Histogram for COG classification of the assembled unigenes.

Identification of Differential Expressed Genes (DEGs) between Healthy and TPD Trees

With 57,760 unigenes as the reference transcriptome, the high-quality clean reads from healthy and TPD tree bark were realigned. The healthy and TPD tree transcriptomes were sequenced with two biological replicates. The Pearson correlation R value between the two healthy rubber tree samples was ~0.79, and the value was ~0.88 between the two TPD tree samples. To maximize accuracy and reliability, the overlapping DEGs from each of the two biological replicates were used for subsequent analyses. With a q-value ≤0.001 and the absolute value of log2 ratio ≥2 as thresholds, a total of 8,137 TPD-related genes were identified as DEGs between healthy and TPD trees, among which 5652 and 2485 were up- or downregulated, respectively, in TPD tree bark compared with healthy tree bark (Supplementary Dataset 3). The expression of 30 TPD-related genes, including 25 randomly selected TPD-related genes and 5 TPD-related genes involved in rubber biosynthesis, was further analyzed with real-time reverse transcription-PCR (RT-PCR).
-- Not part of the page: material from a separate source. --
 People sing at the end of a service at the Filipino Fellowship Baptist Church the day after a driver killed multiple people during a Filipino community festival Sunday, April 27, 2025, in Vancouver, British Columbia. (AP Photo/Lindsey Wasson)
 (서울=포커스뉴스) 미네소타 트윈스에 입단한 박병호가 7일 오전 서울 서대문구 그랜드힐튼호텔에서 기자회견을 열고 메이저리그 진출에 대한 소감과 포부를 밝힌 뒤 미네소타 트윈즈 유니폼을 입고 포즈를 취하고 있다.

As shown in Fig. 3, the expression profiles of all 30 genes were consistent with those from RNA-seq, suggesting that the TPD-related genes we identified through RNA-seq were highly accurate and reliable.

Figure 3

Real-time RT-PCR validation of the DEGs.

Total RNA extracted from healthy and TPD rubber trees was used for real-time RT-PCR analyses, and 18s rRNA was used as the internal reference. H and T represent healthy and TPD rubber trees, respectively. Data represent the mean ± S.D. The number in bracket refers to the log2(H_RPKM/T_RPKM) of the corresponding gene from RNA-seq analyses.

Functional Classification and Characterization of TPD-related Genes

Based on sequence identity, the 8137 TPD-related genes identified above were classified into different GO terms. In the cellular component group, the TPD-related genes were associated with 11 GO terms such as macromolecular complex, antioxidant activity, and extracellular region, among which no GO terms were significantly enriched (Fig. 4). In the molecular function group, the TPD-related genes were associated with 9 GO terms such as binding, electron carrier activity, and transcription regulator activity, among which 3 terms were significantly enriched, i.e., binding, molecular transducer activity, and catalytic activity (Fig. 4). In the biological process group, the TPD-related genes were categorized in 21 GO terms such as growth, immune system process, and biological regulation, among which 5 terms were significantly enriched, i.e., biological regulation, cellular component organization, cellular process, death, and growth (Fig. 4).

Figure 4

GO classifications of the TPD-related genes identified in this study.

Asterisks indicate the enriched GO terms.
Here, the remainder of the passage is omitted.